They died as martyrs.

Henry Smith.

Samuel Hammond, Jr.

Delano Middleton.

They were young, black and unarmed.

Smith and Hammond, both 18, attended South Carolina State College, a historically black college founded in 1896. Hammond, 17, was a student at Wilkinson High School at the time.

The three young men joined others in demanding equal treatment, and on the night of Feb. 8, 1968 they died fighting for it when state troopers lined up and fired into a crowd of protesters at the college.

Their names now appear in books and on monuments, forever linked to the event known as the Orangeburg Massacre that left three dead and wounded 28 others.

The protest was held in response to the racist policies of the city’s only bowling alley.

Though the Civil Rights Act of 1964 outlawed segregation practices, integration had not made its way to the All-Star Bowling Lanes in Orangeburg, South Carolina.

Two days before the bloody event on campus, the owner of All-Star Bowling Lanes, Harry K. Floyd, refused to let black students bowl at his establishment. Floyd claimed the Civil Rights Act of 1964 did not apply to his establishment because it was private. 

The alley, however, operated a lunch counter. This meant the business fell under the jurisdiction of laws related to interstate commerce and, by extension, subject to adhering to federal desegregation.

Nine students and one police officer would be injured when tensions rose and turned violent in the days before the Orangeburg Massacre.

The protest on Feb. 8, 1968 was the city’s third straight night of violence, but it would become one of the deadliest night’s in the city’s and the state’s history.

“Suddenly, and no one seems to know who gave the order, the 50-odd policemen opened a crackling fire with shotguns, carbines and pistols at the dimly silhouetted students,” an Evening Post reporter wrote in a Feb. 9, 1968 article. “The firing lasted only a few seconds.”

Around the perimeter of the campus stood 600 National Guardsmen, who sealed off an eight-block radius near the college.

It is something that survivor Jordan Simmons, III will not forget.
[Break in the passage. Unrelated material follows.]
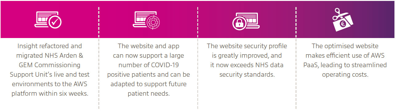 Insight quickly moved the COVID-19 support website and app to the AWS managed platform, removing the ongoing security risk.

In an editorial published in The Post and Courier in 2003, Simmons shared his story. On the night of the protest, he was shot in the right side of his neck.

"The common thread for us is the lingering trauma of being shot and/or beaten suddenly, without warning, and from our perspective for no apparent reason. After all, we stood within the safety confines of campus grounds that night. Or so we thought," he wrote.

The governor at the time, Gov. Robert McNair, would declare a state of emergency in Orangeburg County and ordered a curfew in the city starting at 5 p.m.

The protest at South Carolina State College occurred two years before unarmed students at Kent State University  were shot by the Ohio National Guard while protesting the Vietnam War. Four students were killed.

Cleveland Sellers, a member of the Student Nonviolent Coordinating Committee, was among the wounded. He was arrested the following day for inciting a riot.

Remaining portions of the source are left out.